Надзиратели. Конвойные офицеры, сержанты, солдаты. Танкисты.
Во вступлении и эпилоге:
М у ж
Ж е н а
А л ь б и н а
Оркестранты, официанты, Курортная публика.
Значок "" означает монтажный стык, то есть внезапную полную cмену кадра. В остальных случаях подразумевается, что последующий кадр получается из предыдущего плавным (панорамным) переходом.
Надписи, начатые с левого края страницы, означают музыкальное и всякое звуковое сопровождение.
. . . . . . . . . . . . . . . . . .
УЗКИЙ (ВЕРТИКАЛЬНЫЙ) ЭКРАН.
Кипарисы! Вытянулись!.. Исчерна-зеленые.
У их подножья — снование маленьких людей. Далеко за вершинами скалистые горы в клубящемся туманце.
ШИРОКИЙ ЭКРАН.
Курортная аллея под ними. Газоны. Стволы и стебли знают свое место.
И все же хорошо…
Идут курортники нам навстречу в веселом пестром легком. В чалмах самодельных. Защитных очках. И с мохнатыми полотенцами.
Шуршит под ногами гравий. Обрывки неясные речи. Звук подъехавшего автомобиля.
Из «волги» выходят — Дама со слишком золотистой прической, ее Муж в чесучевом костюме, Девушка и Мантров, подобранный, довольно молодой. Они заперли машину и идут по аллее то в тени, то на солнце. То сквозь тень, то сквозь солнце.
Свисают ветви с бледно-розовой ватой цветов.
Они идут мимо киоска сувениров.
Мимо скамей, где отдыхают грузные курортники и грузные дети.
Открывается крутой откос наверх.
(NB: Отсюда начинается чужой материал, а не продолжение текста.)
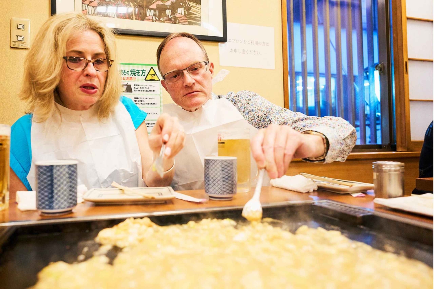 Erlebe Japans vielfältige Esskultur in Asakusa! Besuche ein bei Einheimischen beliebtes Restaurant mit Sake-Bar und genieße 12 einzigartige Gerichte wie Monjayaki (herzhafte Pfannkuchen), die das Seelenessen des alten Stadtzentrums von Tokio sind, Yakisoba (japanische gebratene Nudeln), Conbini-Eis usw.! Eine tolle Gelegenheit, unterwegs andere Reisende zu treffen.

По откосу — широкие ступени, декоративный кустарник.
Они поднимаются. Вверху — веранда, парусиновые пологи над ее пролетами. Над входом надпись: Ресторан «Магнолия».
оттуда доносится музыка.
Муж дамы:
— Ну как, Виктор? Выдерживаешь?
У Виктора сдержанная, но располагающая улыбка, ясный взгляд. То ли рассеянность, то ли растерянность:
— Не знаю. Еще не могу привыкнуть. Золотистая дама:
— Ах, Витенька! К хорошему люди привыкают легко! К хорошему мы вас быстро вернем. Правда, Альбина?
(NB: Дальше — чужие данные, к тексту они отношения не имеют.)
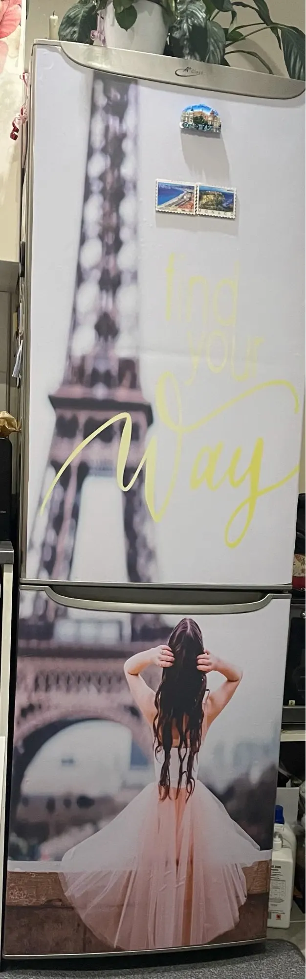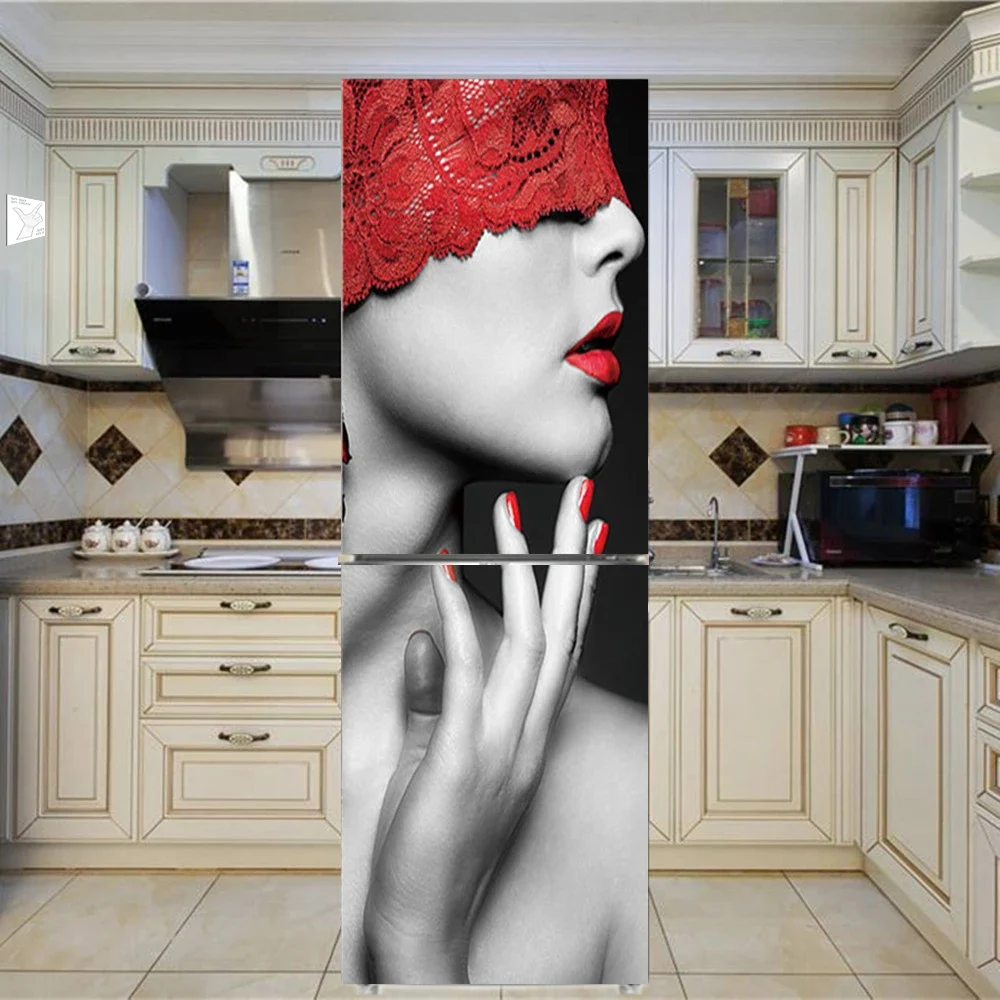 Наклейка на холодильник, виниловая, с рисунком розовой девушки

Девушка в той поре, когда всякая хороша. Мило-диковатая прическа. Улыбается вместо ответа.
ресторанная музыка ближе и громче.
Они уже — под шатром веранды. Белизна и сверкание столов.
Есть свободный, они садятся.
В прозор между балюстрадой и пологом — вершинки кипарисов где-то близко внизу, а за ними — море, море… Беленький пассажирский катерок.
веселенькая разухабистая музыка.
Муж
— Нет! Поразительное и удивительное не что Виктор там был, а что он оттуда вернулся! Невредимым!
Дама:
— Страдалец! Чего он там натерпелся! И ничего не хочет рассказать!
Мантров смотрит ясными глазами, улыбается умеренно:
— К сожалению, я ничего не помню. Я — все забыл…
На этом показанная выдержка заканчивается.